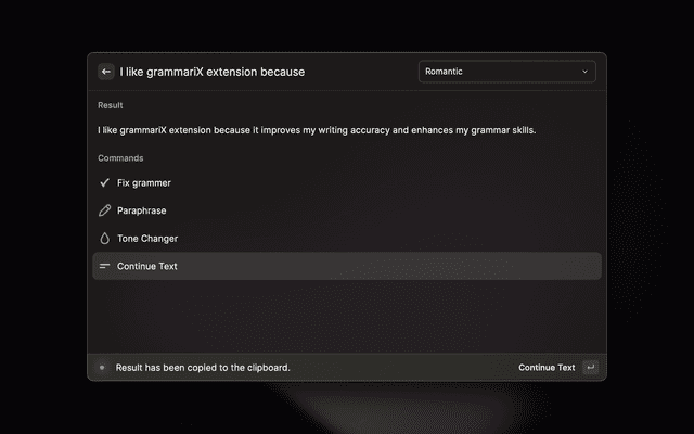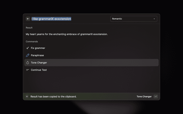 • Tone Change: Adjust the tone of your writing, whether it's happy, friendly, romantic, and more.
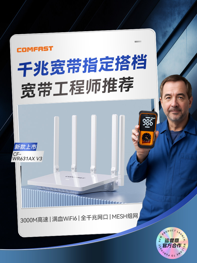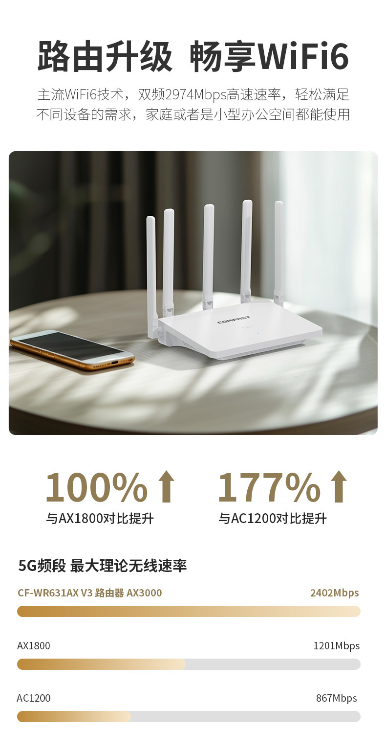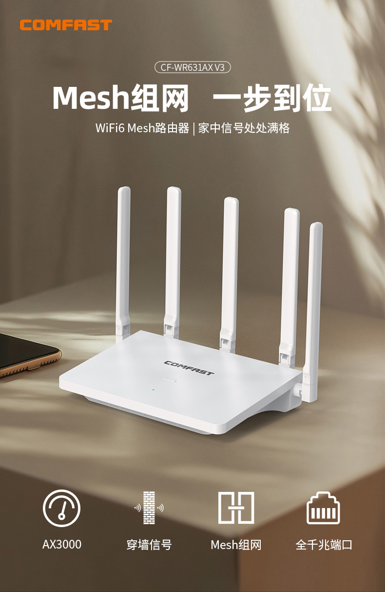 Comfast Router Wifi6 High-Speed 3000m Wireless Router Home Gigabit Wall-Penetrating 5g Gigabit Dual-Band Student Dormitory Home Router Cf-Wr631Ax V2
--
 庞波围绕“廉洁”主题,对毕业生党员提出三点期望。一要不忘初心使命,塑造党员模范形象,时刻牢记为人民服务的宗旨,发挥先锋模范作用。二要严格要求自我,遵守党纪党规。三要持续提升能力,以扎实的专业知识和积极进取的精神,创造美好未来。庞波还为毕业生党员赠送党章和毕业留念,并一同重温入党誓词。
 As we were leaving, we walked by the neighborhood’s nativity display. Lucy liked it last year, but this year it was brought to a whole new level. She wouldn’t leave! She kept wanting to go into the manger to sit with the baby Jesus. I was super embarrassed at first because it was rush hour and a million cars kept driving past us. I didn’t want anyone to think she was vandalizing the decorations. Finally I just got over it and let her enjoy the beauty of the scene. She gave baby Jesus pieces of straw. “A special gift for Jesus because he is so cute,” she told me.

Instructions for the task
In the records above, find the line with "romantic, and more.". Print exactly from there through the line with "Comfast Router Wifi6", minus the pictures.

Reply
 • Tone Change: Adjust the tone of your writing, whether it's happy, friendly, romantic, and more.
 Comfast Router Wifi6 High-Speed 3000m Wireless Router Home Gigabit Wall-Penetrating 5g Gigabit Dual-Band Student Dormitory Home Router Cf-Wr631Ax V2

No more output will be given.